Two RCTs compared prophylactic platelet transfusion with no prophylactic platelet transfusion in adult haematology patients. No difference was observed between groups with respect to side effects of transfusion and serious adverse events, including sepsis and respiratory deterioration, but there was considerable uncertainty. The evidence suggested that transfusion-related serious adverse events (urticarial and angioedema) and number of units (platelets) transfused per patient may be higher in patients receiving prophylactic platelet transfusion, but there was considerable uncertainty.
Despite considerable efforts to ensure the safety of blood transfusions, they are associated with significant risks. The Serious Hazards of Transfusion (SHOT) scheme estimated that in 2014 the risk of transfusion-related death was 5.6 per million blood components issued, and the risk of transfusion-related major morbidity was 63.5 per million blood components issued, although it was not always certain that transfusion was the direct cause of death or major morbidity. Removing cases where patient harm was caused by delayed transfusion rather than transfusion itself reduces the risk of transfusion-related death to 4.5 per million blood components issued, and the risk of transfusion-related major morbidity was 61.9 per million blood components issued. The most common cause of death associated with transfusion was transfusion associated circulatory overload. There is evidence from the national audits of transfusion practice that: some patients are receiving the wrong blood components, the choice of blood component is not always based on clinical findings and laboratory test values patients are not always monitored for the adverse effects of transfusion, and these effects are not always managed correctly, and some patients are transfused unnecessarily. There is evidence from several national audits that inappropriate over-use of all blood components is at around 20%. This is wasteful of a scarce and costly resource and puts patients at unnecessary risk
Accurate patient identification is a crucial step. Giving a patient the wrong blood transfusion is an avoidable serious hazard, and can result from errors made anywhere in the transfusion process.
Fresh frozen plasma transfusions may cause adverse outcomes in people who are critically ill, including transfusion-related acute lung injury, transfusion-related circulatory overload, multi-organ failure and an increased risk of infections.
The literature suggests that there may be some evidence of harm with the use of restrictive red blood cell thresholds in populations with coronary ischaemia at baseline. In this guideline a level of 80–100 g/litre was used for patients with acute coronary syndrome, but further studies are needed to determine the optimal transfusion threshold for patients with chronic cardiovascular disease.

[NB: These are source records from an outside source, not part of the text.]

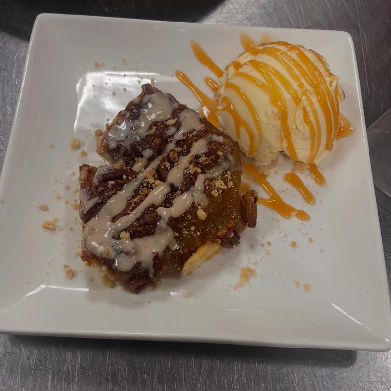 Topped with a scoop of vanilla bean ice cream and candied pecans, garnished with a bourbon caramel drizzle and sweet cream quenelles.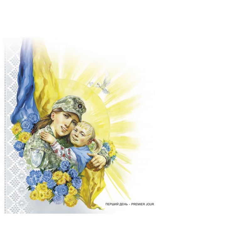 У центрі композиції - емоційна сцена обіймів жінки в традиційному українському вбранні та військового в камуфляжі. Жінка, яка символізує образ матері, загортає сина в яскраву жовту хустку з вишивкою, а її обличчя виражає глибокий смуток та ніжність.
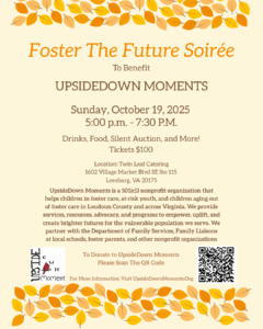Join us at the Foster the Future Soiree to benefit UpsideDown Moments on Sunday, October 19 from 5:00 – 7:30 P.M. at Twin Leaf Catering in Leesburg, VA.

See also the “Trade-off between clinical benefits and harms” sections in the full version of the guideline (see the “Availability of Companion Documents” field) for additional discussion of harms of specific interventions.

Contraindications

Intravenous iron is contraindicated in patients with known hypersensitivity to any parenteral iron product, and should not be used to treat pregnant women in the first trimester.

Qualifying Statements

Healthcare professionals are expected to take National Institute for Health and Care Excellence (NICE) clinical guidelines fully into account when exercising their clinical judgement. However, the guidance does not override the responsibility of healthcare professionals to make decisions appropriate to the circumstances of each patient, in consultation with the patient and, where appropriate, their guardian or carer.
Healthcare providers need to use clinical judgement, knowledge and expertise when deciding whether it is appropriate to apply guidelines. The recommendations cited here are a guide and may not be appropriate for use in all situations. The decision to adopt any of the recommendations cited here must be made by practitioners in light of individual patient circumstances, the wishes of the patient, clinical expertise and resources.
The National Clinical Guideline Centre (NCGC) disclaims any responsibility for damages arising out of the use or non-use of this guideline and the literature used in support of this guideline.
No evidence was found on transfusions specifically for young people (age 16 to 18 years). Recommendations for adults in this guideline will generally apply to young people as well, but healthcare professionals should use their clinical judgement on when this is not appropriate for individual patients.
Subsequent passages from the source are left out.